[[ The data open ]]
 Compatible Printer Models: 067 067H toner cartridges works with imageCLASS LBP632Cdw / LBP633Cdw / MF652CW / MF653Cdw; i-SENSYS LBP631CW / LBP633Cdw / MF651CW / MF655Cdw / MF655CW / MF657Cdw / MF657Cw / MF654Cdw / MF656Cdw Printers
[[ The data closed ]]
[[ The data open ]]
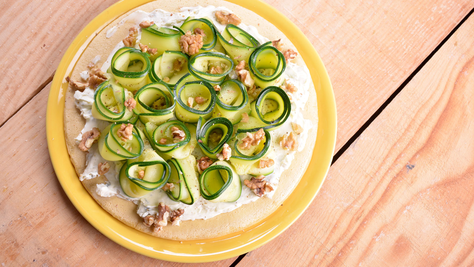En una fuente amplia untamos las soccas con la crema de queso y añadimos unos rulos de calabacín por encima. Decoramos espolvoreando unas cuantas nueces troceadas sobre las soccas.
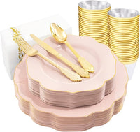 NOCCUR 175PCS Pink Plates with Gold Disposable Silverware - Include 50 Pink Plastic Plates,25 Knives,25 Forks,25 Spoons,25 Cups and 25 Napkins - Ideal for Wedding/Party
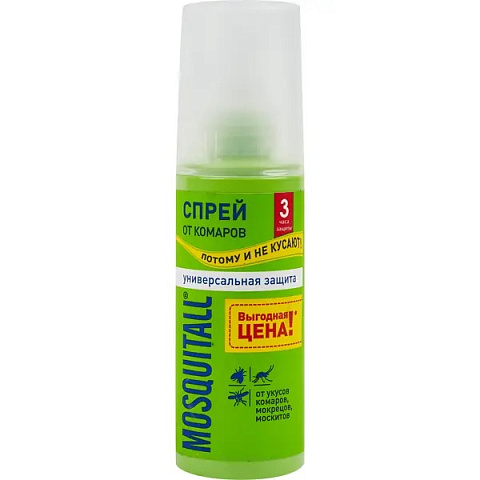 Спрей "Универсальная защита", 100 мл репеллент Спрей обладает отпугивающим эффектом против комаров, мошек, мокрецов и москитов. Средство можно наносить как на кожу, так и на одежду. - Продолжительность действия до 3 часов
[[ The data closed ]]
**Task prompt:** Working from the entries above, reproduce exactly and only the lines beginning with the line that has "En una fuente" and ending with the line that has "NOCCUR 175PCS Pink"; omit all pictures.

**Response:**
En una fuente amplia untamos las soccas con la crema de queso y añadimos unos rulos de calabacín por encima. Decoramos espolvoreando unas cuantas nueces troceadas sobre las soccas.
 NOCCUR 175PCS Pink Plates with Gold Disposable Silverware - Include 50 Pink Plastic Plates,25 Knives,25 Forks,25 Spoons,25 Cups and 25 Napkins - Ideal for Wedding/Party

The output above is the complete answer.